SQL Server 2016 AlwaysOn: distributed availability groups

This time, I will talk about distributed availability groups. What’s that? In short, a group of availability groups. Sounds good right? But in which cases may we need such architecture? Firstly, let’s say that distributed availability groups will run on the top of two distinct availability groups meaning that they reside on two distinct WSFCs with their own quorum and voting management. Referring to the Microsoft documentation here, we may think that this new feature will be mainly used in DR scenario but I’m not sure to understand Microsoft about this sentence:

You want the data to continually replicate to the DR site, but you don’t want a potential network problem or issue at the DR site to bring down your primary site

Indeed, we don’t need this new feature to avoid a DR site or a network failure bringing down the primary site. We may simply exclude cluster nodes at the DR site for voting. Maybe I missed something here and I will probably go back when I will get more information.

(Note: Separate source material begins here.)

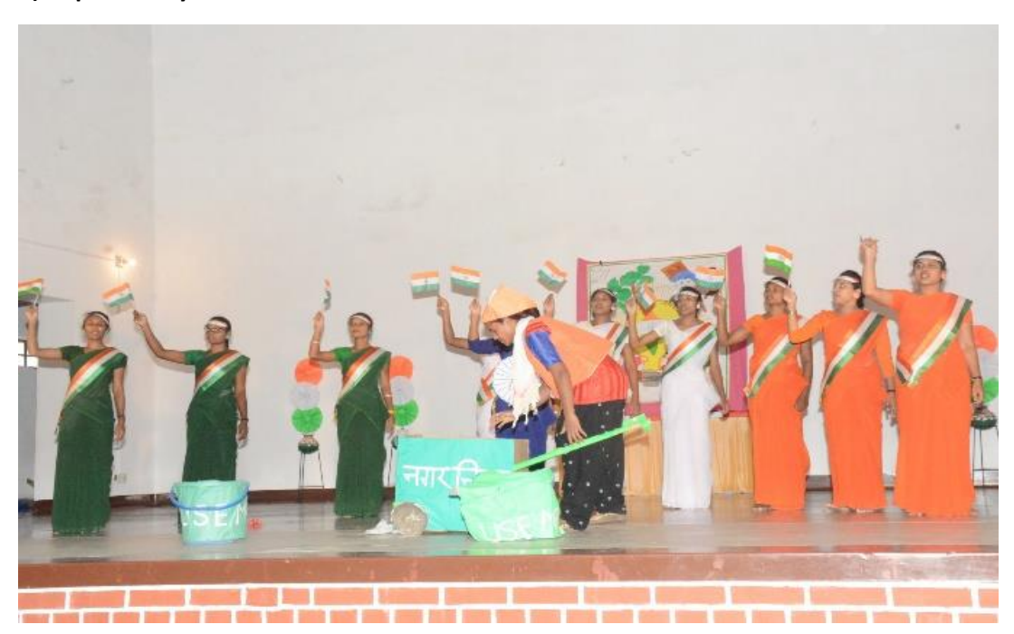
Students performing an Act on Republic Day

Moreover, I may not image my customer using an additional cluster just only for DR purpose. Supposing that the DR site is costless from SQL Server license perspective, we need to maintain a “complex” architecture (WSFC) only for that.

After discussing with one another French MVP Christophe Laporte (@Conseilit), we began to draw some pictures of potential scenarios where using DAG may be a good solution. Firstly, let’s say a customer that have many applications. Some of them may run on the primary site and other ones on the DR site because there is a high latency between the two datacenters. In this specific context, you may implement one availability group on each datacenter for HA purpose and add a distributed availability group for DR recovery.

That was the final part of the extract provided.